### AVAILABLE DATA

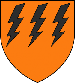 Three black thunderbolts on orange (Tenné, three thunderbolts sable) |
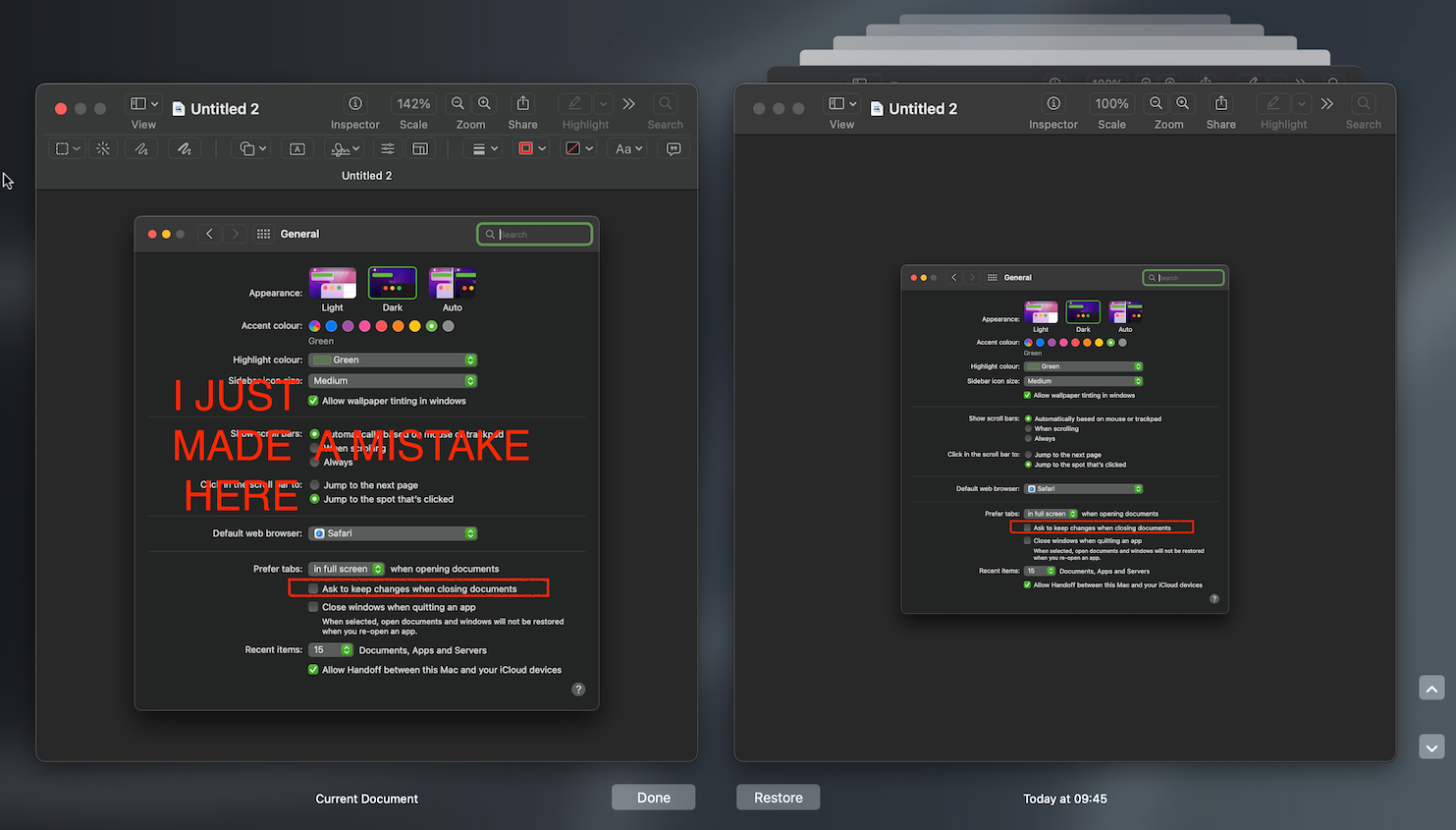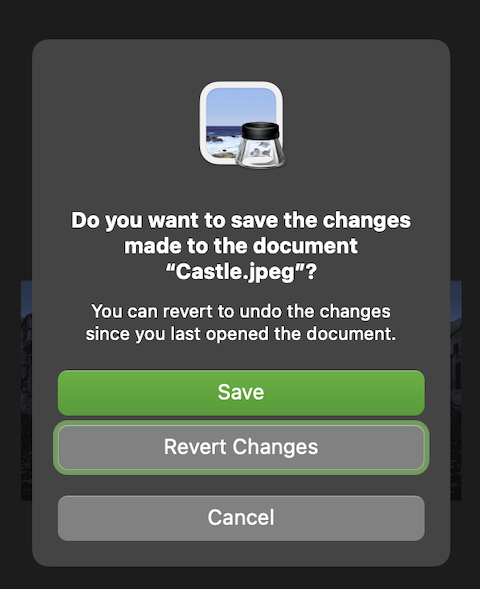 Without even hitting SAVE, the image in Finder was automatically updated to that size, so if I then close Preview, there's no way for me to undo those changes.
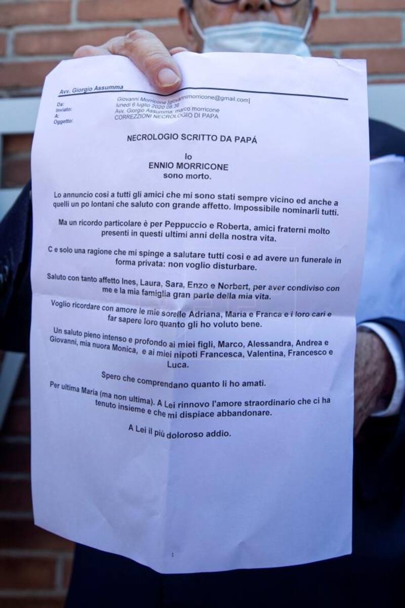 El compositor romano Ennio Morricone, quien falleció hoy a la edad de 91 años, dejó una misiva en la que anuncia su deceso. El documento fue leído por el abogado y amigo del compositor, Giorgio Assumma, quien confirmó su muerte a primera hora a la agencia de noticias ANSA.

### ASSIGNMENT
Repeat the listing in full and to the letter, excluding every image.

### EXERCISE SOLUTION
 Three black thunderbolts on orange (Tenné, three thunderbolts sable) |
 Without even hitting SAVE, the image in Finder was automatically updated to that size, so if I then close Preview, there's no way for me to undo those changes.
 El compositor romano Ennio Morricone, quien falleció hoy a la edad de 91 años, dejó una misiva en la que anuncia su deceso. El documento fue leído por el abogado y amigo del compositor, Giorgio Assumma, quien confirmó su muerte a primera hora a la agencia de noticias ANSA.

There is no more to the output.